Zhuoyue Honors College, Hangzhou Dianzi University, Hangzhou, China.
College of Automation, Hangzhou Dianzi University, Hangzhou, China.
Math Biosci Eng. 2023 Jan;20(2):2110-2130. doi: 10.3934/mbe.2023098. Epub 2022 Nov 14.
In the traditional person re-identification model, the CNN network is usually used for feature extraction. When converting the feature map into a feature vector, a large number of convolution operations are used to reduce the size of the feature map. In CNN, since the receptive field of the latter layer is obtained by convolution operation on the feature map of the previous layer, the size of this local receptive field is limited, and the computational cost is large. For these problems, combined with the self-attention characteristics of Transformer, an end-to-end person re-identification model (twinsReID) is designed that integrates feature information between levels in this article. For Transformer, the output of each layer is the correlation between its previous layer and other elements. This operation is equivalent to the global receptive field because each element needs to calculate the correlation with other elements, and the calculation is simple, so its cost is small. From these perspectives, Transformer has certain advantages over CNN's convolution operation. This paper uses Twins-SVT Transformer to replace the CNN network, combines the features extracted from the two different stages and divides them into two branches. First, convolve the feature map to obtain a fine-grained feature map, perform global adaptive average pooling on the second branch to obtain the feature vector. Then divide the feature map level into two sections, perform global adaptive average pooling on each. These three feature vectors are obtained and sent to the Triplet Loss respectively. After sending the feature vectors to the fully connected layer, the output is input to the Cross-Entropy Loss and Center-Loss. The model is verified On the Market-1501 dataset in the experiments. The mAP/rank1 index reaches 85.4%/93.7%, and reaches 93.6%/94.9% after reranking. The statistics of the parameters show that the parameters of the model are less than those of the traditional CNN model.

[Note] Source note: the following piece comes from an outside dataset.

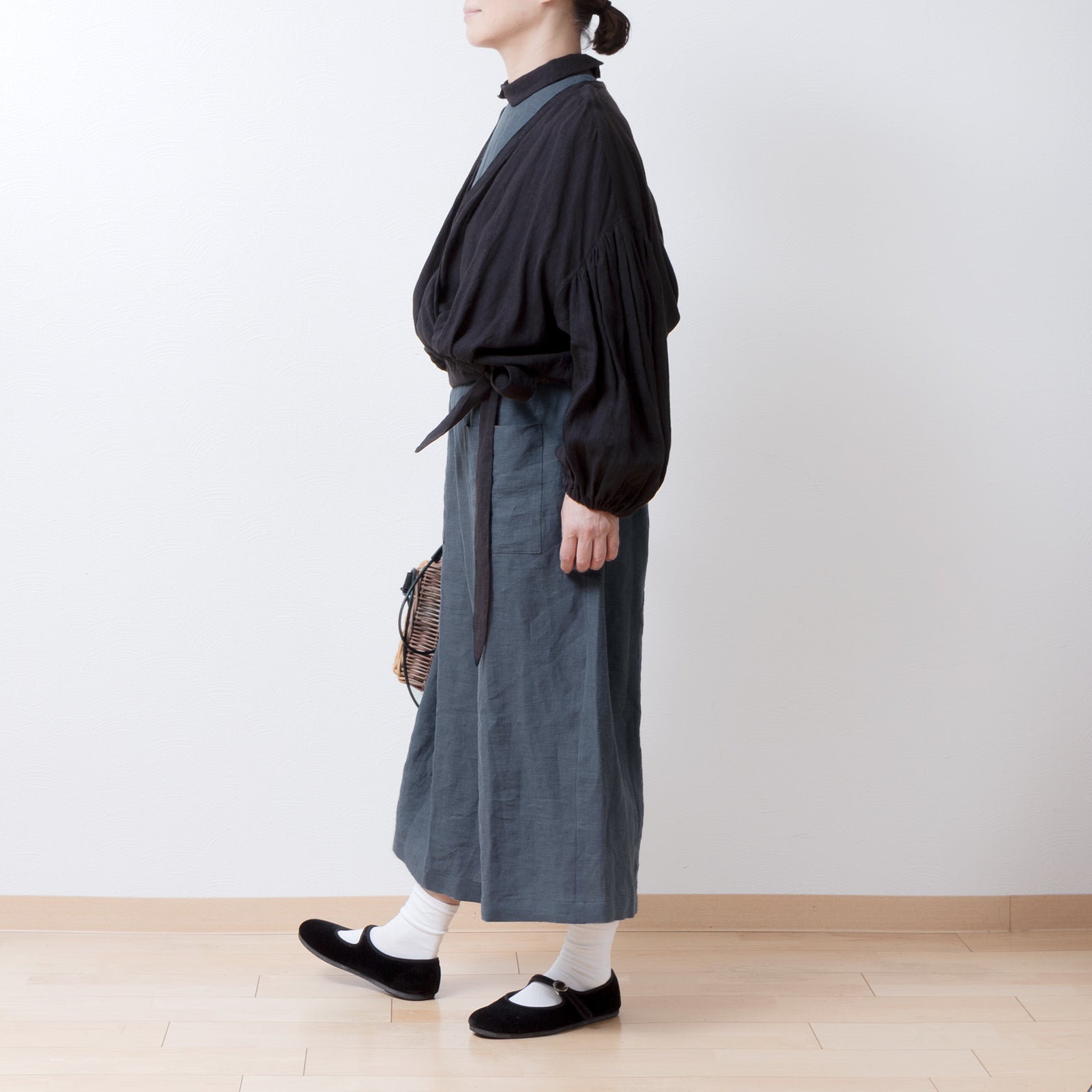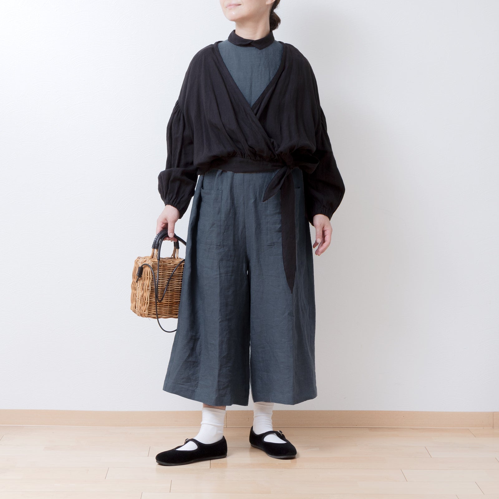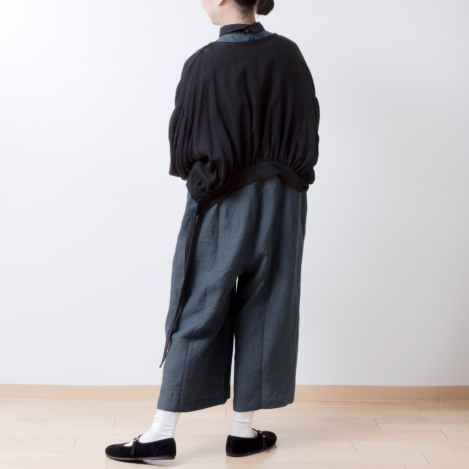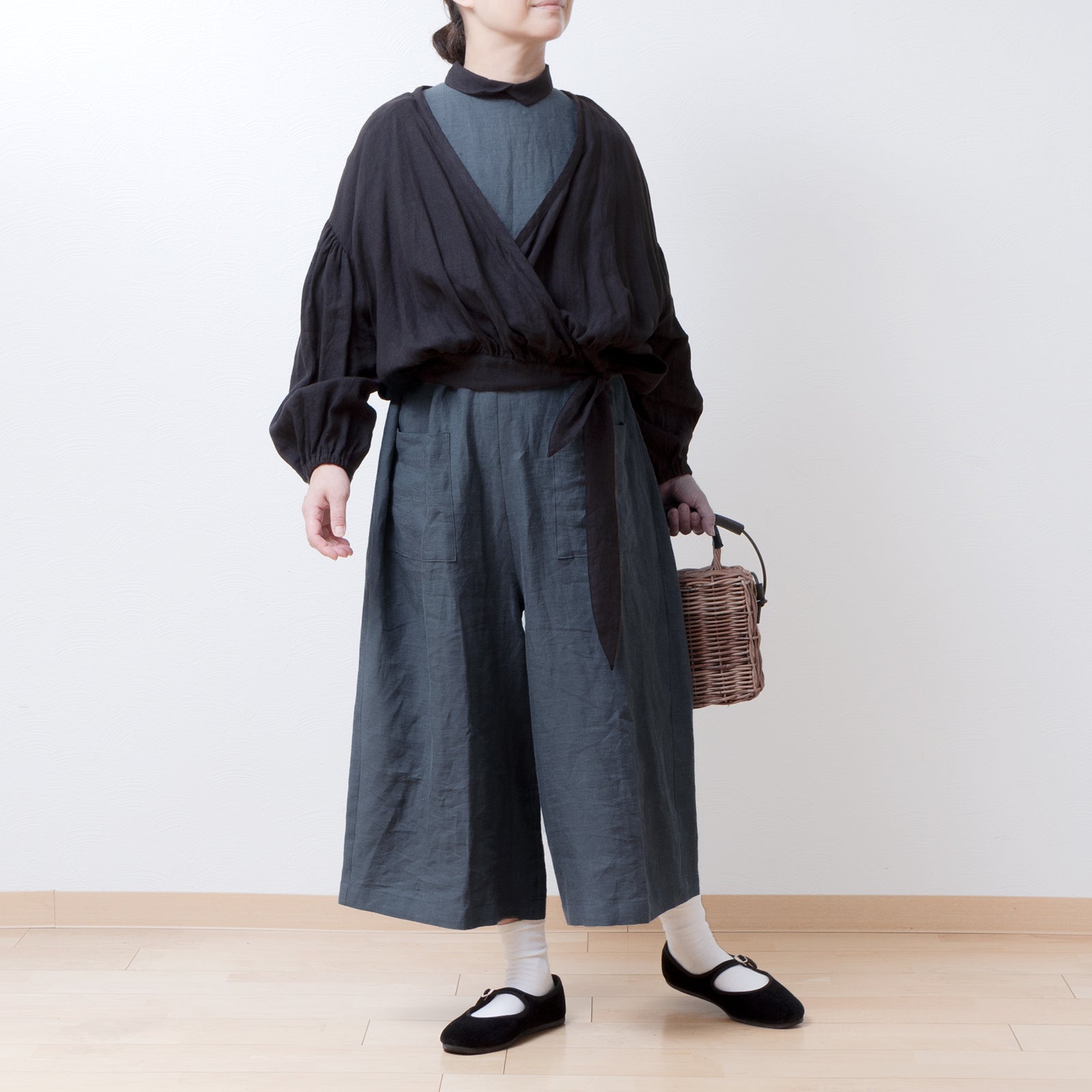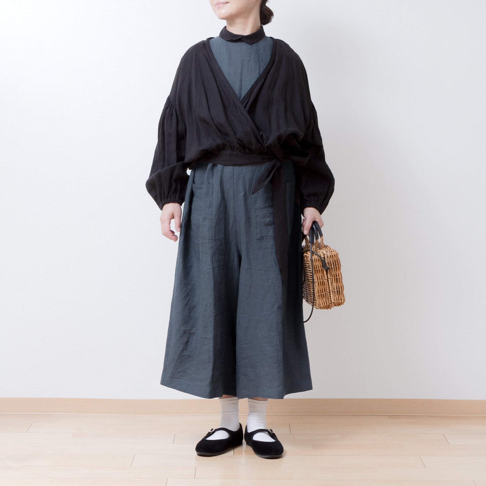 牧師領蝙蝠袖亞麻半袖連身衣/灰色

在传统的人像再识别模型中,通常使用 CNN 网络进行特征提取。在将特征图转换为特征向量时,会使用大量卷积操作来减小特征图的大小。在 CNN 中,由于后一层的感受野是通过在前一层特征图上进行卷积操作获得的,因此这个局部感受野的大小是有限的,计算成本也很大。针对这些问题,结合 Transformer 的自注意力特点,设计了一个端到端的人像再识别模型(twinsReID),本文在这个模型中整合了各层之间的特征信息。对于 Transformer,每一层的输出都是其前一层与其他元素之间的相关性。这种操作相当于全局感受野,因为每个元素都需要与其他元素计算相关性,而且计算简单,因此其成本较小。从这些方面来看,Transformer 相对于 CNN 的卷积操作具有一定的优势。本文使用 Twins-SVT Transformer 替换了 CNN 网络,将从两个不同阶段提取的特征结合起来并分为两个分支。首先,对特征图进行卷积以获得细粒度的特征图,然后在第二分支上进行全局自适应平均池化以获得特征向量。然后将特征图的级别分为两部分,对每一部分进行全局自适应平均池化。得到这三个特征向量,分别将它们发送到三元组损失中。将特征向量发送到全连接层后,输出输入到交叉熵损失和中心损失中。在实验中,该模型在 Market-1501 数据集上进行了验证。mAP/rank1 指标达到 85.4%/93.7%,重新排序后达到 93.6%/94.9%。参数统计显示,模型的参数少于传统的 CNN 模型。